Tips and Best Practices
- Paste, do not type, for exotic characters. If you need to look up an emoji or CJK character, copy it from the source where you found it and paste it into the input. This avoids keyboard input method issues.
- Check for invisible characters. If your text behaves unexpectedly (e.g., strings that look identical but do not compare as equal), paste both versions into this tool. You may find zero-width joiners (U+200D), byte order marks (U+FEFF), or other invisible characters.
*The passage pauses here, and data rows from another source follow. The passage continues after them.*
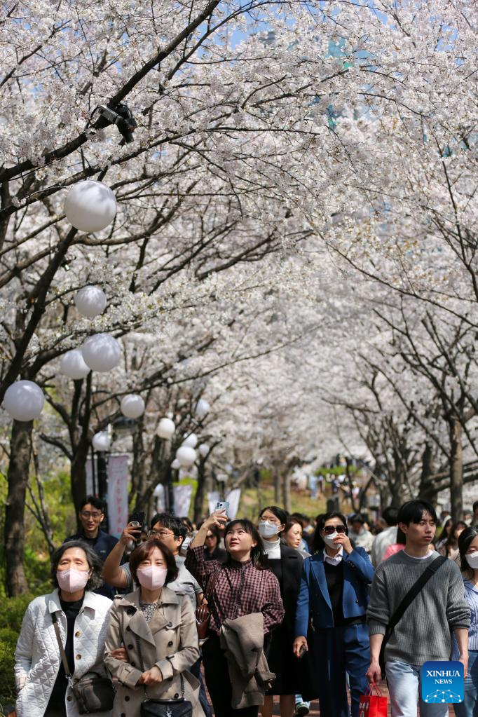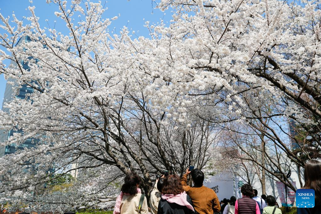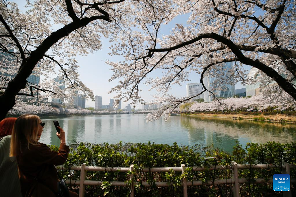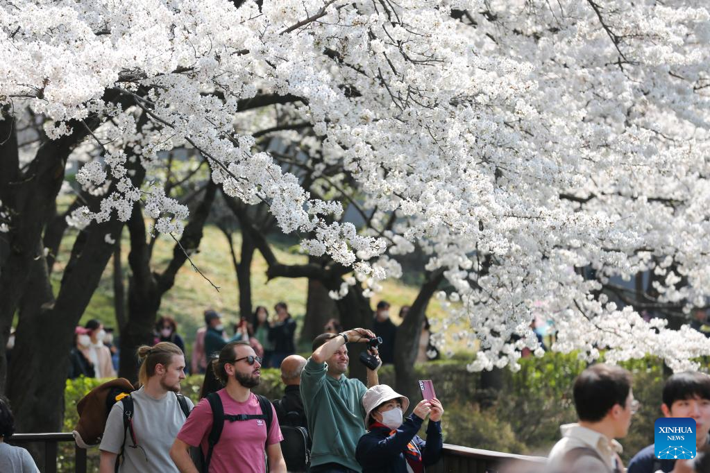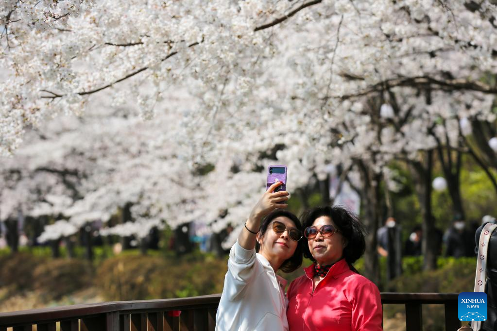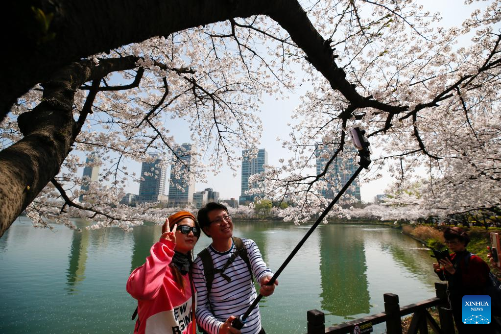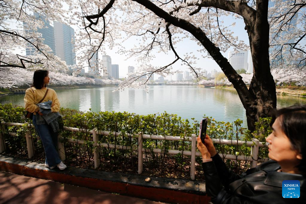 Tourists take photos of cherry blossoms at Seokchon Lake Park in Seoul, South Korea, March 30, 2023. (Xinhua/Wang Yiliang)
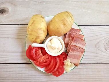 Как сделать картошку гармошку с беконом? Возьмите картошку, сыровяленый бекон, помидор, майонез, масло.
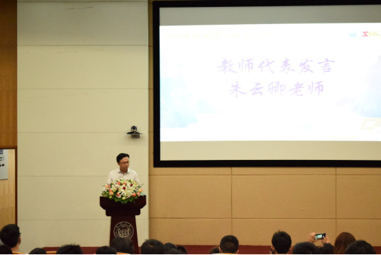 2019级高分子材料硕士班班主任朱云卿老师作为学院教师代表发言,他希望同学们在未来的科研生活中时刻保持进取的心态,并且注重于自己逆商的提高,即在逆境中抵抗压力的能力。同时他也为同学们的研究生生活提出了三点建议:第一,学会放弃,适时的放弃从来不是软弱,而是选择更加正确的道路再出发;第二,接受失败,因为即便是再伟大的科学家,也有过失败的科研经历;第三,成长心态从经验中学习,经常整理总结,这样终将成就一个更为强大的自己。
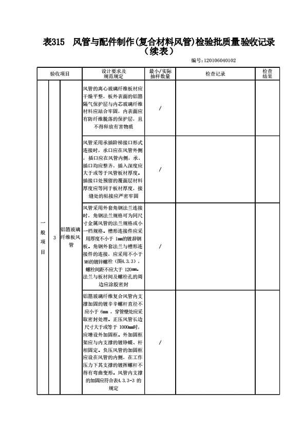 表格名称:120106040102 风管与配件制作(复合材料风管)检验批质量验收记录
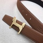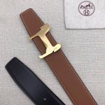 H double-sided original original quality imported first-layer cowhide khaki lychee pattern with black plain pattern 38mm with H pony gold and silver buckle
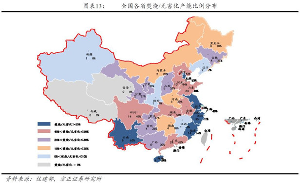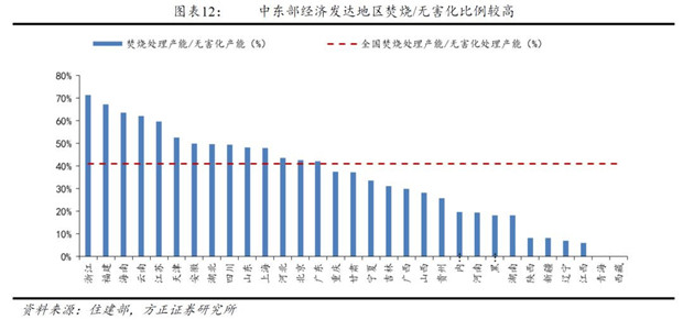 從焚燒處理占無害化產(chǎn)能比例來看,2016年全國焚燒處理占無害化處理比例為41%,全國有14個省焚燒處理占無害化處理比例超過該比例,且大多分布在中東部經(jīng)濟(jì)發(fā)展程度較高的地區(qū),其中浙江省焚燒處理占無害化處理比例最高,達(dá)到了71%。
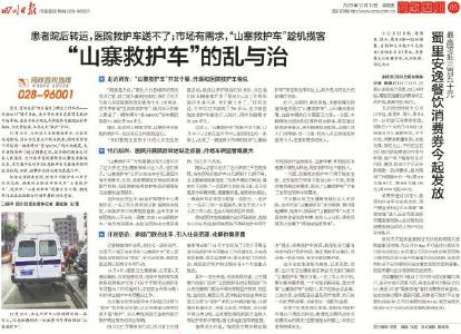 在四川日报全媒体的持续报道引发公众关注的同时,12月20日晚,央视新闻频道播出《转“患”之路》节目,呼吁建立一条规范安全的患者转运通道。主持人白岩松在节目中认为,让老百姓清清楚楚地知道打哪个电话,明明白白知道坐什么车、花多少钱,让转院的家庭在最需要的时候,能及时来一辆坐得起、有保障的救护车。为此,相关的改革必须争分夺秒,期待接下来各方的行动能来得更快一些。
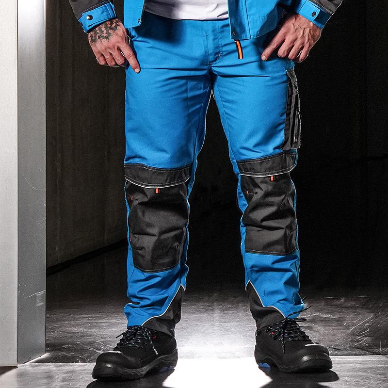 Bénéficiez d'une durabilité exceptionnelle grâce au tissu renforcé en polyester 600D aux genoux et au bas des jambes du pantalon de travail Homme CXS, gamme Sirius.
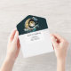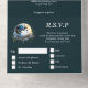 A beautiful all-in-one celestial moon invitation featuring full moons that appear to be 3 dimensional framed by glowing blue and golden twinkling stars set against a dark teal blue background that may be changed to any colour of your choice. These generative content graphics are ideal for a starry night, over the moon, sailor moon, galaxy or celestial theme wedding or special event. The bottom third has a tear off response card with personalised rsvp address for your guests to complete.
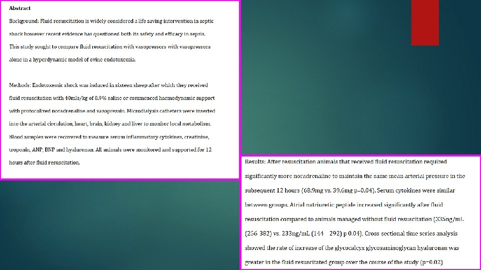 Consequências não intencionais: a ressuscitação com fluidos piora o choque em um modelo ovino de endotoxemia Unintended Consequences: Fluid Resuscitation Worsens Shock in an Ovine Model of Endotoxemia. Liam Byrne L, Obonyo NG, Diab SD, Dunster KR, Passmore MR, Boon AC, Hoe LS, Pedersen S, Fauzi MH, Pimenta LP, Van Haren F, Anstey CM, Cullen L, Tung JP, Shekar K, Maitland K, Fraser JF. Am J Respir Crit Care Med. 2018 Oct 15; 198(8): 1043 -1054. doi: 10. 1164/rccm. 2018010064 OC. PMID: 29882682 Free article. Artigo Livre! Apresentação: Helena Melo, Leomara Amorim, Pollyana Gouveia Coordenação: Alexandre Peixoto Serafim PRM em Medicina Intensiva Pediátrica do HMIB/SES/DF www. paulomargotto. com. br Brasília, 14 de novembro de 2020
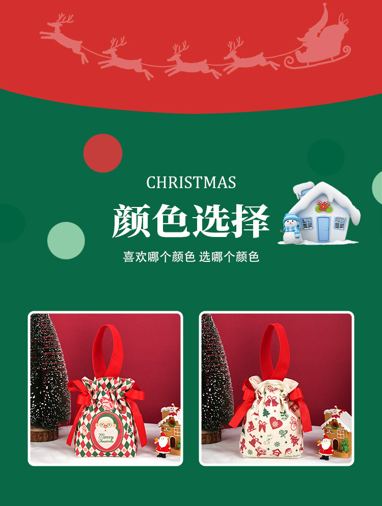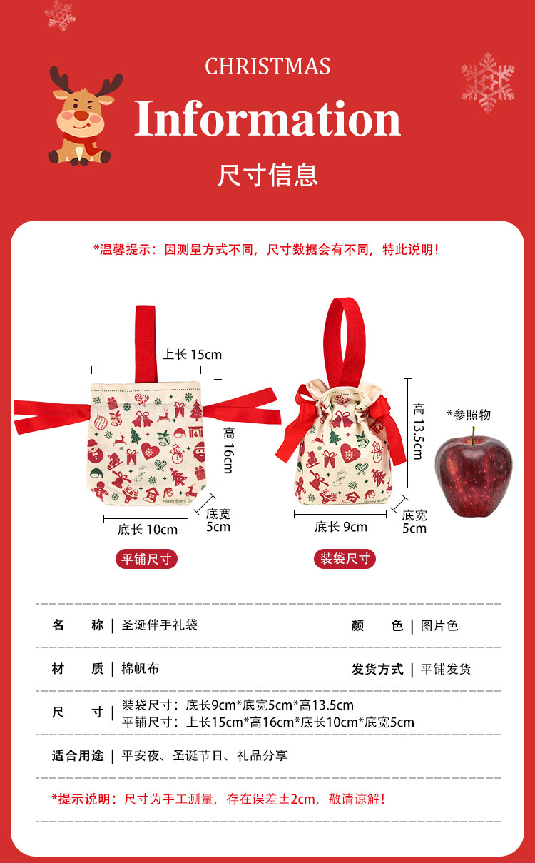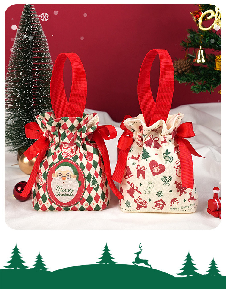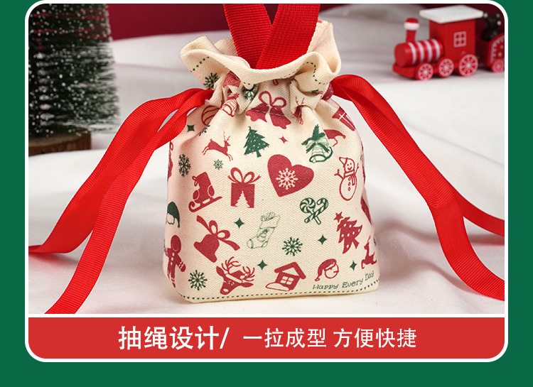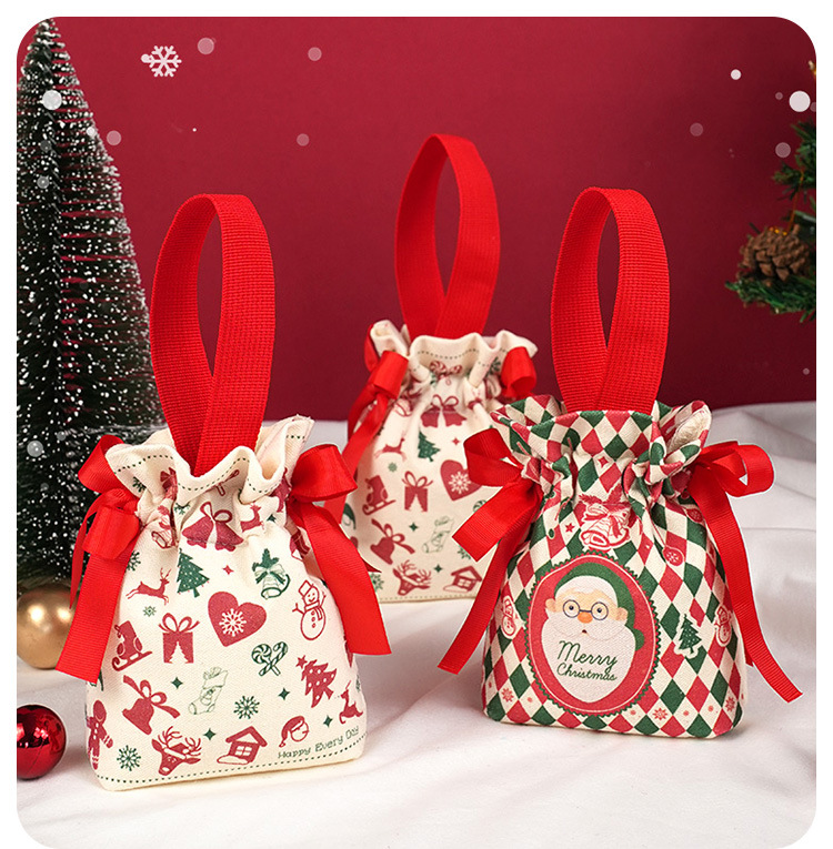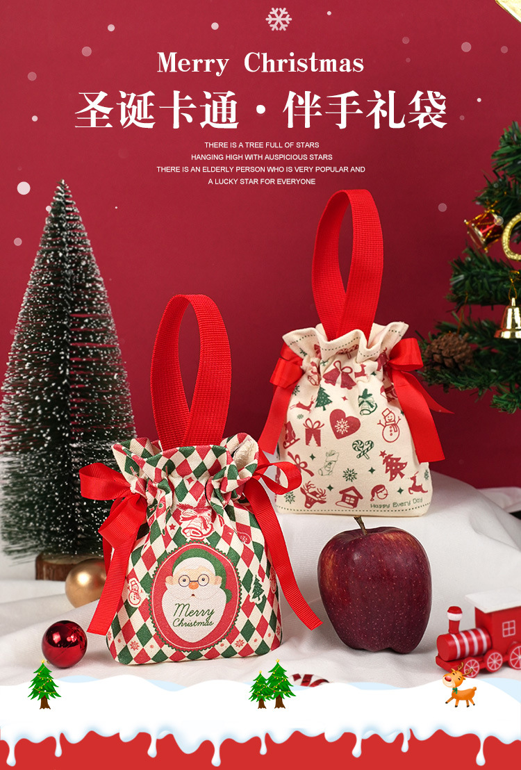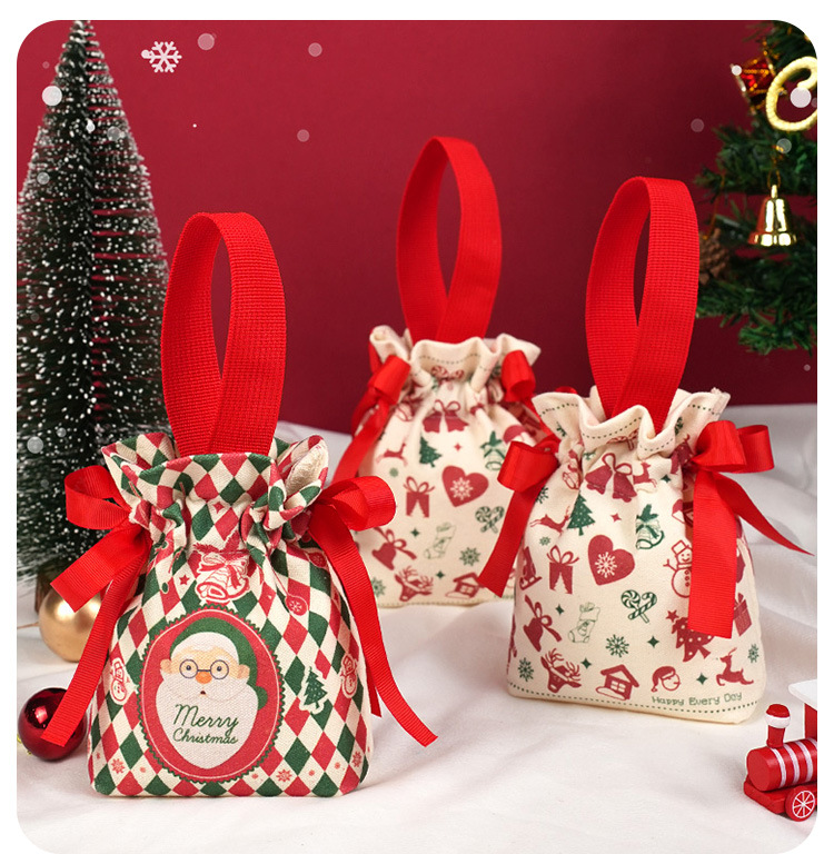 Tas kanvas jinjing apel Natal untuk hadiah Santa Claus lintas batas, tas hadiah Natal, tas hadiah liburan
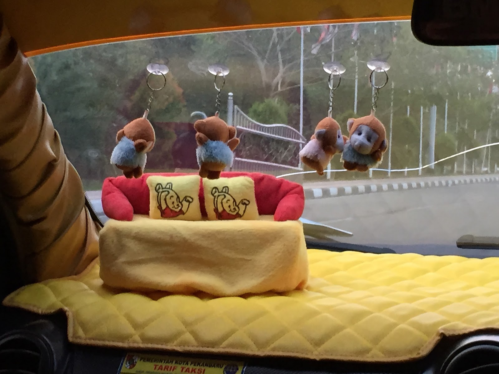 The Sumatran tiger is critically endangered and this summer I spent a couple of weeks setting camera traps to see how many of these magnificent creatures are still alive. Pekanbaru is one entry to Sumatra and from KL it’s only a 40 minute flight. But you cannot imagine a place so different to KL with it’s shiny buildings and affluence. Pekanbaru is a miserable place, like a boil on a beautiful face. In fact the only thing I liked about Pekanbaru were the yellow taxis. How can you not be happy when the driver has created a living room on his dashboard complete with teddy bears and a sofa.
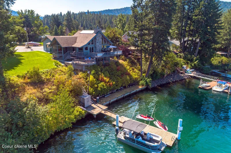 Beautiful sought-after Spokane River Home, in desirable south of the River, Greensferry Bay. This stunning property sits on 164 feet of rare year-round deep-water river frontage with a floating dock. It's open floor plan, deck & yard spill out to the Spokane River, perfect for entertaining, relaxing on a warm summer evening while enjoying the panoramic views of the River, surrounding mountains, and abundant wildlife. Lake CDA is only five nautical miles away. It's interior design has spared no expense with wall to wall windows, main floor master suite, open kitchen & living room floor plan, floor to ceiling stone gas fireplace, skylights, formal dining room, work at home office, substantial three-car garage with one RV bay, and large shop area. The garage and contiguous shop are easily converted to a five-car garage. The lower level is complete with two bedrooms, a kitchenette/laundry ar...

- Use the UTF-8 column for storage calculations. Count the number of hex bytes shown in the UTF-8 column to know exactly how many bytes a character consumes on disk when stored as UTF-8.
- Understand surrogate pairs for JavaScript. Characters above U+FFFF (like most emoji) are stored as two UTF-16 code units in JavaScript. This means
"emoji".lengthreturns 2 for a single emoji character. The UTF-16 column in this tool shows both code units. - Use HTML entities for maximum compatibility. In HTML documents where you are unsure about the character encoding declaration, using numeric HTML entities (e.g., é for e with acute accent) guarantees correct rendering regardless of the document's charset.
Unicode Lookup vs Alternatives
unicode.org charts: The official Unicode character charts are comprehensive and authoritative but require navigating PDF files or a complex search interface. This tool gives you instant results by simply pasting a character.
fileformat.info and compart.com: These websites provide detailed Unicode character pages with full property listings. They are excellent reference sites but require searching by codepoint or name. This tool is faster when you already have the character and just need its encoding details.
Programming language utilities: Python's unicodedata module, JavaScript's codePointAt(), and similar language functions provide Unicode information programmatically. This tool is more convenient for quick lookups when you do not have a REPL open, and it shows multiple encoding formats side by side in a single view.